I am currently a second-year Master’s student at the College of Computer Science and Artificial Intelligence, Fudan University.

My research interests lie in Multi-modal large models(MLLM) and Controllable image/video generation.

I am currently an Applied Research Intern at ByteDance, where I work on multimodal embedding models and post-training of multimodal large models.

News

Publications

Under Review

Seamless Sketch-guided Image Inpainting via Flow-based Background Trajectory Alignment

Lintao Zhang^*, Runfeng Bao^*, Quan Zhou, Xichen Ye, Xiangcheng Du, Yingbin Zheng, WEIZHONG ZHANG, Peizhu Gong, Cheng Jin

Tackles the tension between structural controllability and visual consistency in sketch-guided image inpainting, where complex scenes often suffer from background drift and boundary discontinuities.
Builds a unified text-sketch-mask inpainting framework with Region-Aware Sketch Control (RASC) for decoupled foreground/background guidance, and introduces FBTA/FBTA-fast to explicitly align background latent trajectories during diffusion sampling.

Under Review

SyncPainter: Caption-guided Video Inpainting with Multimodal Semantic Alignment

Studies the logical distortion problem of current state-of-the-art video inpainting models under complex occlusion, and explores an automated restoration paradigm guided by MLLMs.
Develops Mask-Aware Dual-Path Attention (MAAF), which decouples generation and reference streams for precise semantic-background alignment, together with latent-space temporal propagation for flow-free feature transfer and flicker reduction.

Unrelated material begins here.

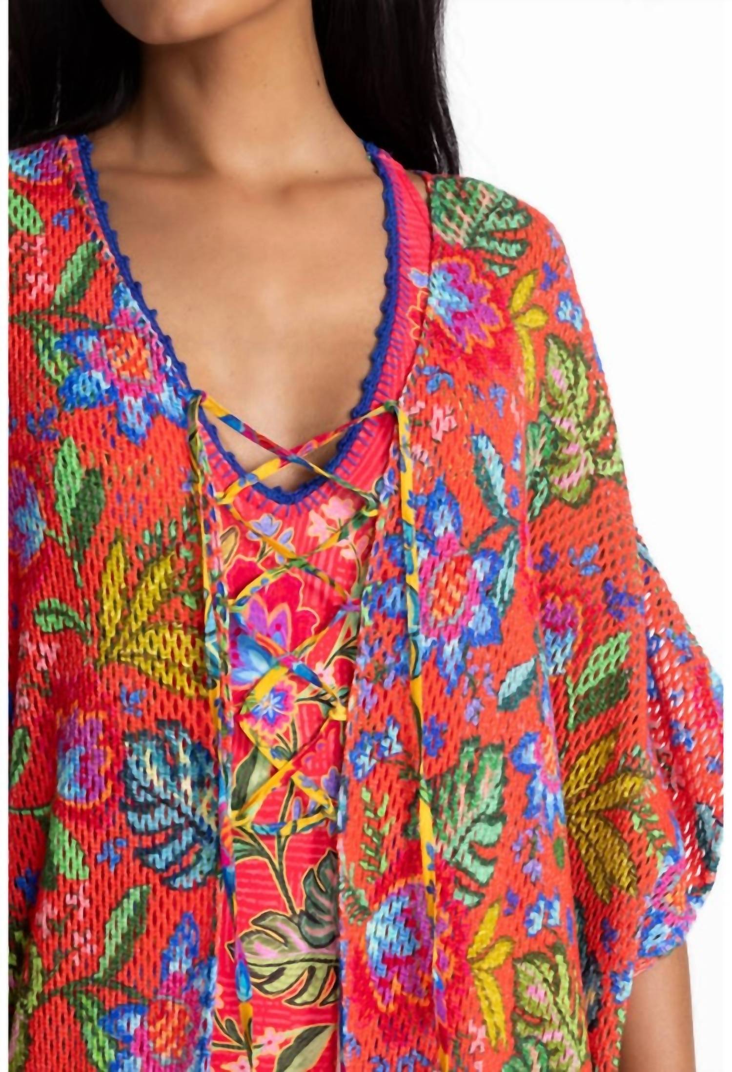 You're going to want to pack this for your next vacation! Made from 100% breathable cotton, the Maxi Crochet Kimono features a lively combination of vibrant florals and bold colors. Designed with a loop closure at the front, this flowing, maxi-length kimono is accented with dramatic Dolman sleeves. It layers beautifully over the Rumba Cross Back One Piece and Rumba Wrap One Piece for a polished, resort-ready look. Model is 5'10 1/2" and wearing a size S/M.

2024.09 - 2027.06, M.S. in Artificial Intelligence, Fudan University, Shanghai, China.
2020.10 - 2024.06, B.E. in Data Science and Big Data Technology, Zhejiang University of Technology, Hangzhou, China.

ByteDance
2026.02 - Present, Applied Research Intern, focusing on multimodal embedding models and post-training of multimodal large models.
Meituan
2025.10 - 2026.01, Research Intern, Intelligent Creation Team, focusing on multimodal algorithms.